Data section -

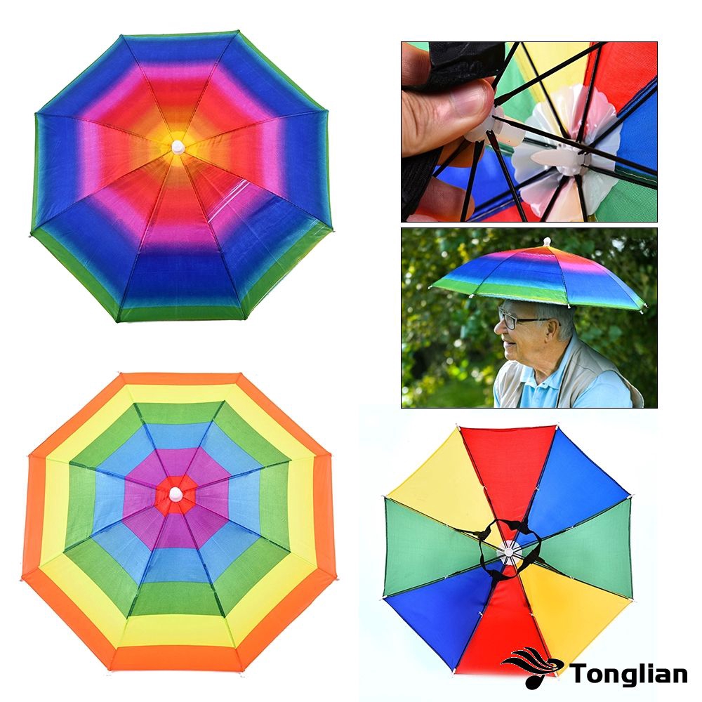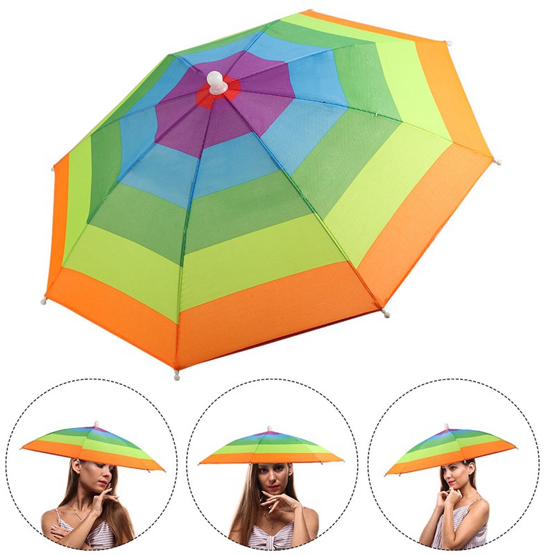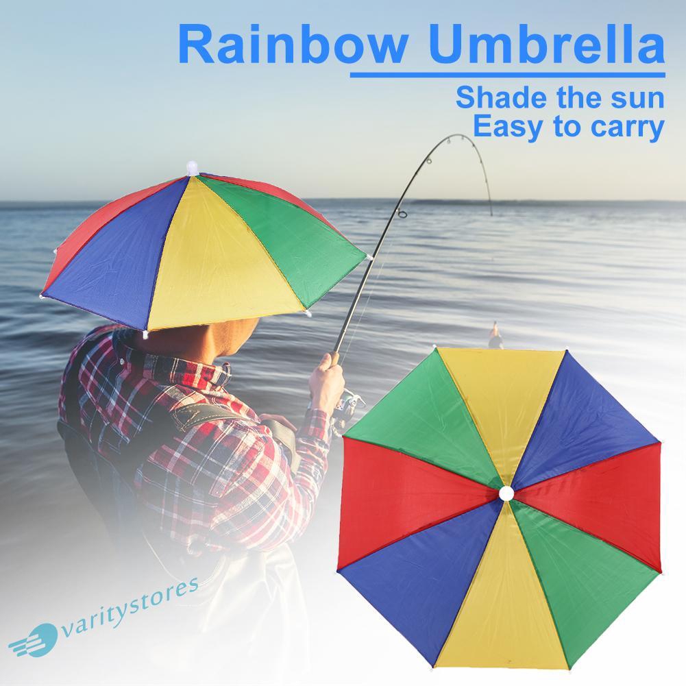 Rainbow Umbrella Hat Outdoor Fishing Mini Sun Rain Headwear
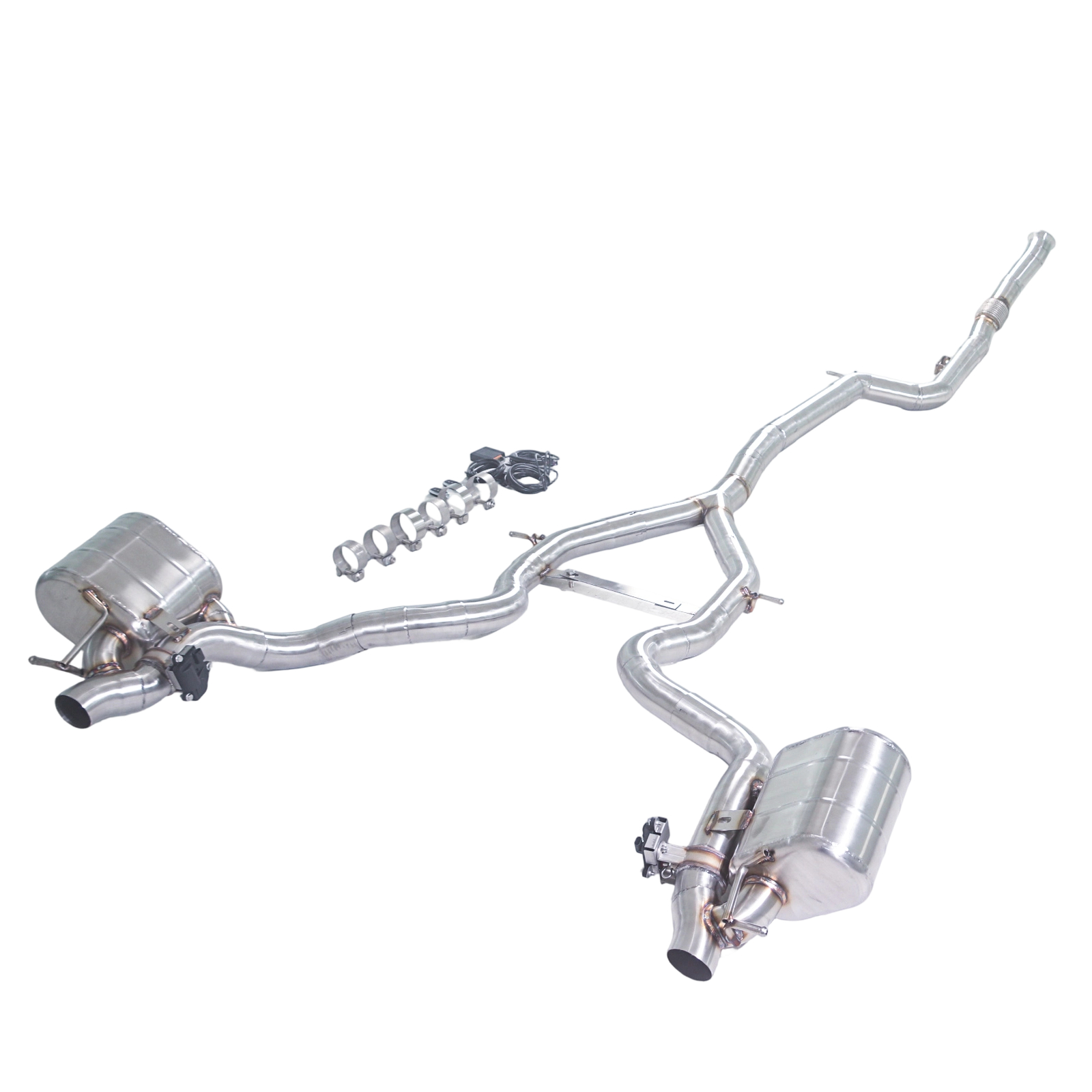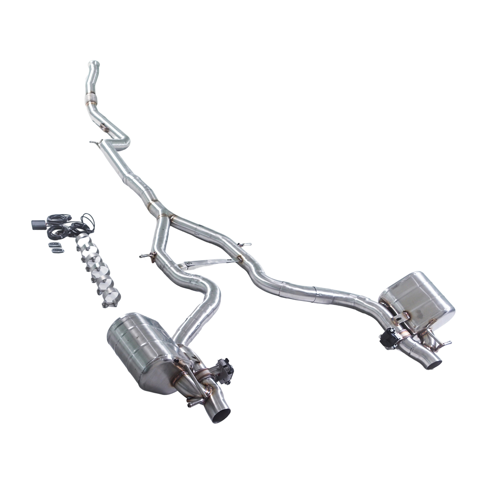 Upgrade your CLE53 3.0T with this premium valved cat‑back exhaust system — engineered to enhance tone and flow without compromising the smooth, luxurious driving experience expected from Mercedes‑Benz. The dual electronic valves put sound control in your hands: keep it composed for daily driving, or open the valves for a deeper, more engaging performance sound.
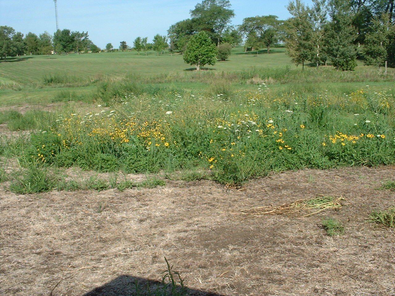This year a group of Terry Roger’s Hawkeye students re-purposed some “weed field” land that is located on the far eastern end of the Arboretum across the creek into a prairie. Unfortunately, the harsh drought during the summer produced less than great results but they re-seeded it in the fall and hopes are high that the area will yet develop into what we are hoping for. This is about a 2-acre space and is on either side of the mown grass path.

Exercise details -
The preceding listing is to be restated word for word, with every picture omitted.

Solution to this problem -
 Rainbow Umbrella Hat Outdoor Fishing Mini Sun Rain Headwear
 Upgrade your CLE53 3.0T with this premium valved cat‑back exhaust system — engineered to enhance tone and flow without compromising the smooth, luxurious driving experience expected from Mercedes‑Benz. The dual electronic valves put sound control in your hands: keep it composed for daily driving, or open the valves for a deeper, more engaging performance sound.
This year a group of Terry Roger’s Hawkeye students re-purposed some “weed field” land that is located on the far eastern end of the Arboretum across the creek into a prairie. Unfortunately, the harsh drought during the summer produced less than great results but they re-seeded it in the fall and hopes are high that the area will yet develop into what we are hoping for. This is about a 2-acre space and is on either side of the mown grass path.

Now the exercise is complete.